> **INPUT DATA**
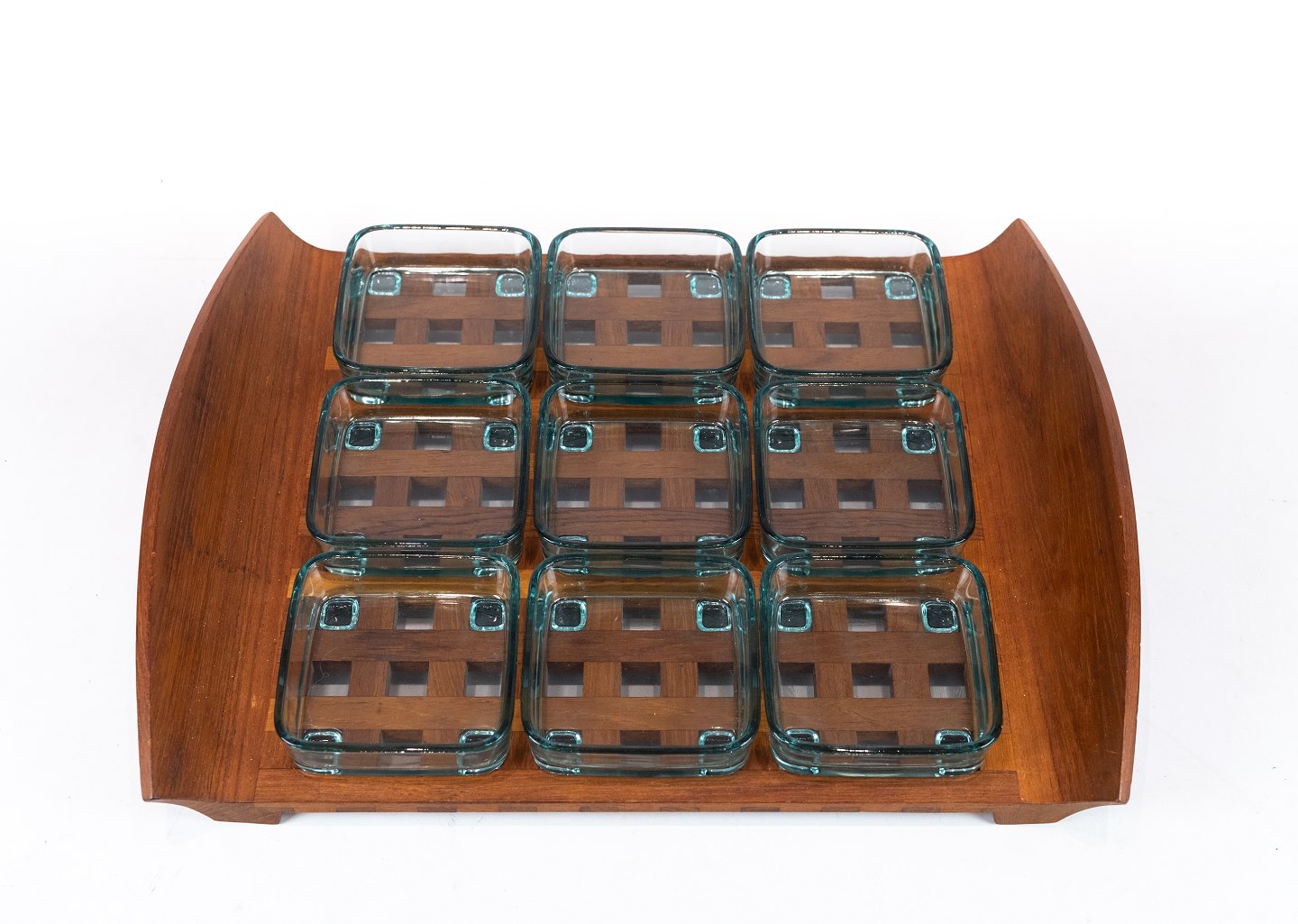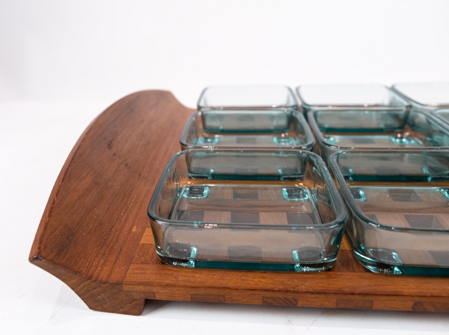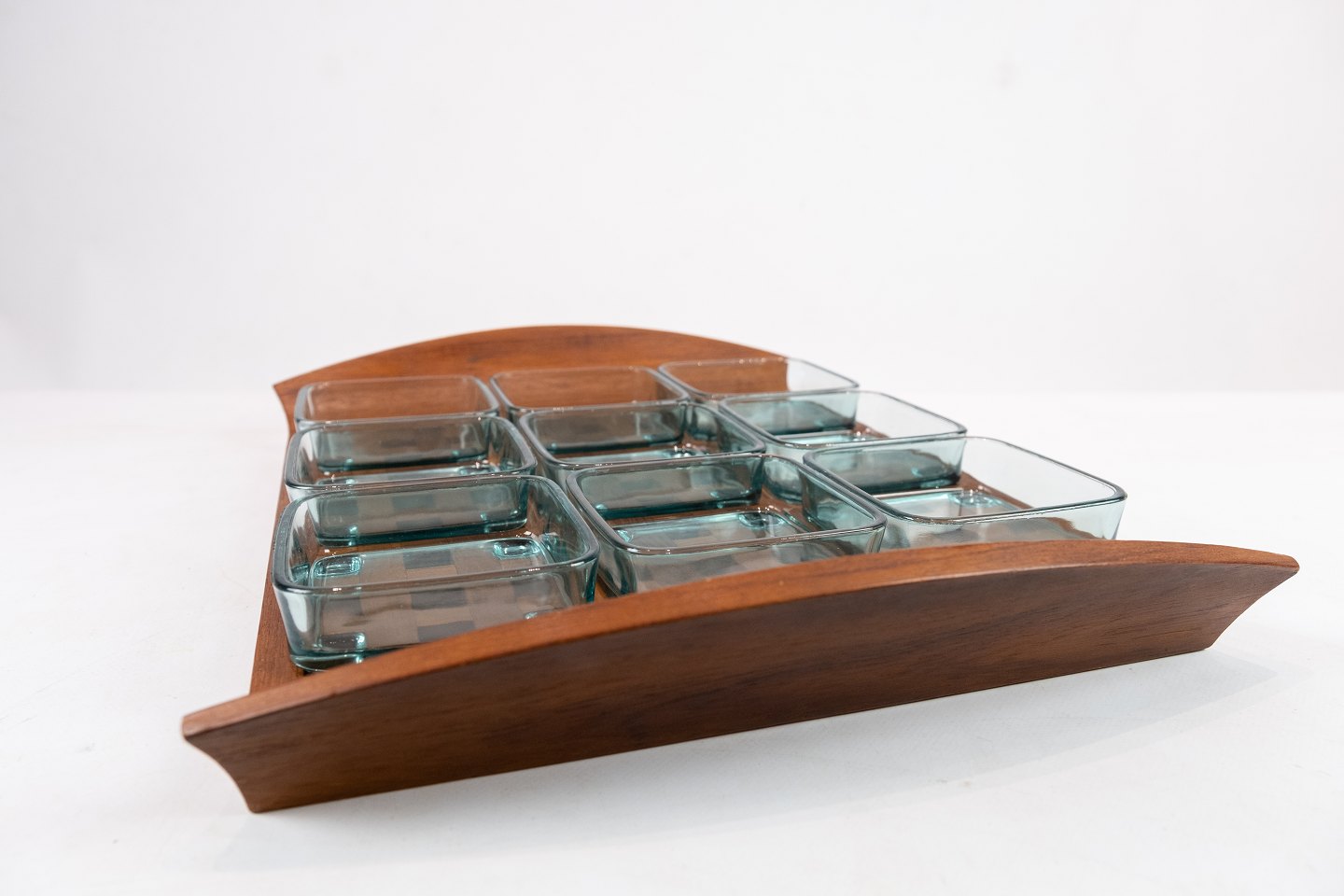 SoldServing tray in teak with six matching glass bowls by Jens Harald Quistgaard from around the 1960s. The tray is in great vintage condition.
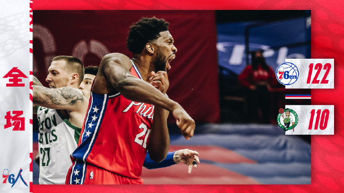 JRS低调看直播1月23日讯 76人坐镇主场迎战凯尔特人,此役小库里复出,塔图姆则因健康安全协议继续缺阵。上半场杰伦-布朗、斯玛特和沃克轮番得分,帮助绿军一路保持着领先。不过,76人在下半场找到手感,恩比德连续砍分,哈里斯和小库里等连中三分,多点开花的76人打出高潮反超比分。末节布朗率领绿军展开反扑,但西蒙斯在关键时刻爆发连得7分,帮助76人压制住绿军的追分势头。最终,76人以122-110获胜,送给绿军3连败。
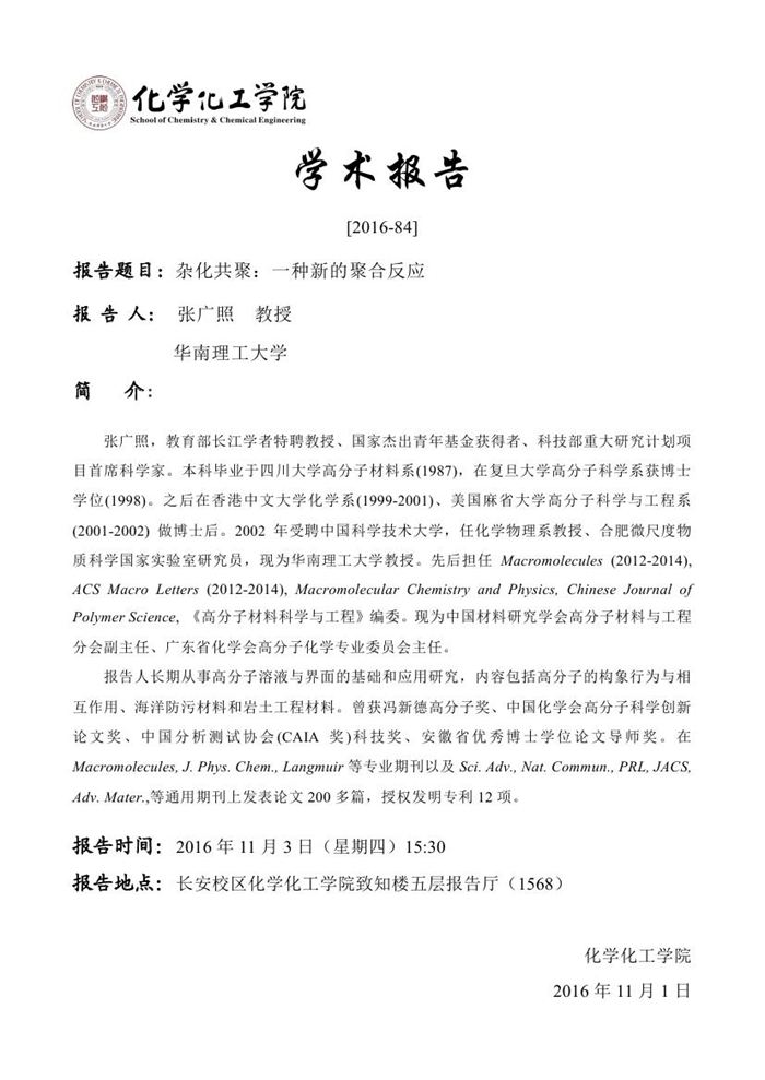 学术报告预告[2016-84]
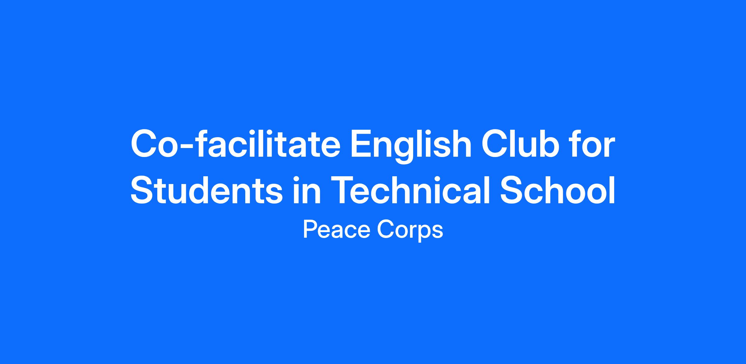 • Co-facilitate two, 1-hour English conversational clubs twice per week for 4–5 students with activities that strengthen the students’ ability to express themselves in English and develop life and vocational skills. Estimated time: 4 hours per week
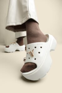 В сети есть десятки сабо на платформе, в футуристическом и геометрическом дизайне, изящных простых линий или нарочито массивных и грубых, с любимыми детьми и взрослыми персонажами, привычные и хитовые модели в новых цветах и с новыми шармами.
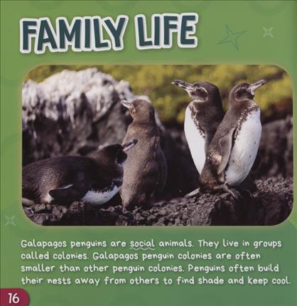 Readers may be surprised to learn that not all penguins live in the icy cold of Antarctica! In fact, Galapagos penguins make their homes on the Galapagos Islands, which are near Ecuador. One of the smallest kinds of penguin, these birds are fascinating to learn about! One fun fact is that they live in caves that were made by lava! Readers learn other essential information such as the Galapagos penguin's habitat, body adaptations, diet, and life cycle.
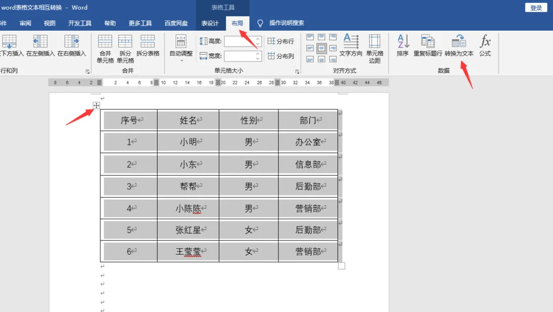 然后,在菜单栏中选择“布局”选项,并在下拉菜单中找到并点击“表格转文本”按钮。
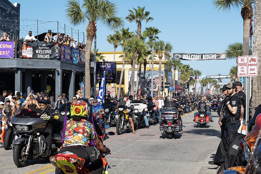 Choppers, sport bikes, trikes and even scooters cruised into Volusia County for the 85th annual Daytona Beach Bike Week bringing the bling, the leather and a party atmosphere.

> **EXERCISE AIM**
Each record above, in full: return it exactly, pictures excluded.

> **YOUR RESPONSE**
 SoldServing tray in teak with six matching glass bowls by Jens Harald Quistgaard from around the 1960s. The tray is in great vintage condition.
 JRS低调看直播1月23日讯 76人坐镇主场迎战凯尔特人,此役小库里复出,塔图姆则因健康安全协议继续缺阵。上半场杰伦-布朗、斯玛特和沃克轮番得分,帮助绿军一路保持着领先。不过,76人在下半场找到手感,恩比德连续砍分,哈里斯和小库里等连中三分,多点开花的76人打出高潮反超比分。末节布朗率领绿军展开反扑,但西蒙斯在关键时刻爆发连得7分,帮助76人压制住绿军的追分势头。最终,76人以122-110获胜,送给绿军3连败。
 学术报告预告[2016-84]
 • Co-facilitate two, 1-hour English conversational clubs twice per week for 4–5 students with activities that strengthen the students’ ability to express themselves in English and develop life and vocational skills. Estimated time: 4 hours per week
 В сети есть десятки сабо на платформе, в футуристическом и геометрическом дизайне, изящных простых линий или нарочито массивных и грубых, с любимыми детьми и взрослыми персонажами, привычные и хитовые модели в новых цветах и с новыми шармами.
 Readers may be surprised to learn that not all penguins live in the icy cold of Antarctica! In fact, Galapagos penguins make their homes on the Galapagos Islands, which are near Ecuador. One of the smallest kinds of penguin, these birds are fascinating to learn about! One fun fact is that they live in caves that were made by lava! Readers learn other essential information such as the Galapagos penguin's habitat, body adaptations, diet, and life cycle.
 然后,在菜单栏中选择“布局”选项,并在下拉菜单中找到并点击“表格转文本”按钮。
 Choppers, sport bikes, trikes and even scooters cruised into Volusia County for the 85th annual Daytona Beach Bike Week bringing the bling, the leather and a party atmosphere.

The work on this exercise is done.